You can view the entire text of Accounting Policy of the company for the latest year.
Year End :2023-03 

1. COMPANY OVERVIEW

TAYLORMADE RENEWABLES LIMITED ('the Company') is dealing in business of providing renewable energy solutions.

2. SIGNIFICANT ACCOUNTING POLICIESA. BASIS OF ACCOUNTING:

• The financial statements of the Company have been prepared in accordance with the Generally Accepted Accounting Principles in India (GAAP) to comply with the Accounting Standards specified under Section 133 of the Companies Act, 2013, read with Rule 7 of the Companies (Accounts) Rules, 2014 and the relevant provisions of the Companies Act, 2013("the Act"), as applicable. The Financial Statements have been prepared on Accrual Basis under the Historical Cost convention. The Accounting policies adopted in the preparation of the Financial Statements are consistent with those followed in the previous year.

• All the assets and liabilities have been classified as current and non-current as per the Company's normal operating cycle and other criteria set out in Schedule III of the Act. The Company has ascertained its operating cycle to be 12 months for the purpose of current and non-current classification of assets and liabilities.

B. PRESENTATION OF FINANCIAL STATEMENTS

• The Balance Sheet and the Statement of Profit and Loss are prepared and presented in the format prescribed in the Schedule III to the Companies Act, 2013 ( "the Act"). The disclosure requirements with respect to items in the Balance Sheet and Statement of Profit and Loss, as prescribed in the Schedule III to the Act, are presented by way of notes forming part of accounts along with the other notes required to be disclosed under the notified Accounting Standards, as applicable.

C. USE OF ESTIMATES:

The preparation of the Financial Statements in conformity with Generally Accepted Accounting Principles requires the Management to make estimates and assumptions considered in the reported amounts of assets and liabilities (including contingent liabilities) and the reported amounts of income and expenditure during the period.

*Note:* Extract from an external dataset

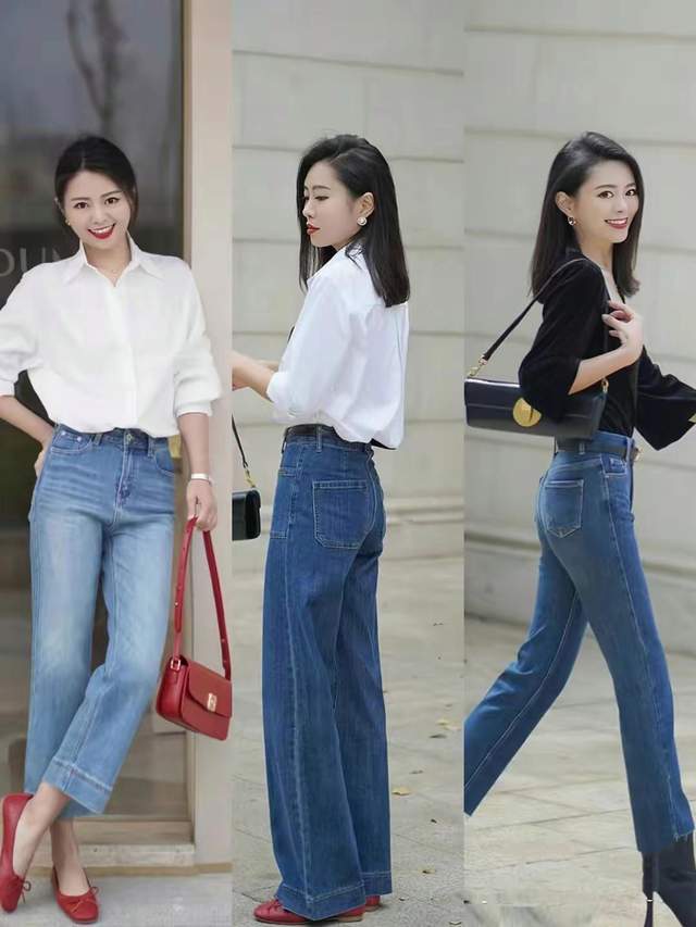 对于腿型粗假胯宽的女生就需要穿牛仔裤的裤了,他能把你的缺点藏起来,再搭配上一款白色的衬衫就够了。

The Management believes that the estimates used in preparation of the Financial Statements are prudent and reasonable. Future results could differ due to these estimates and the differences between the actual results and the estimates are recognized in the period in which the results are known/ materialized.

D. DEPRECIATION:

Depreciation has been provided by W.D.V. method as per Companies act 2013.

E. FIXED ASSETS:

Tangible Fixed Assets:

Gross Fixed Assets are stated at cost of Acquisition including incidental expense relating to acquisition and installation. Cost includes purchase price, taxes and duties which are not recoverable as credit under specific act, labour cost and other direct costs incurred up to the date the asset is ready for its intended use. Allocation of indirect expenses to capital account is done on the basis of technical evaluation by the management. If any.

F. INVESTMENTS:

Long-term investments are carried individually at cost less provision for diminution, other than temporary, in the value of such investments. Current investments are carried individually, at the lower of cost and fair value. Cost of investments includes acquisition charges such as brokerage, fees and duties.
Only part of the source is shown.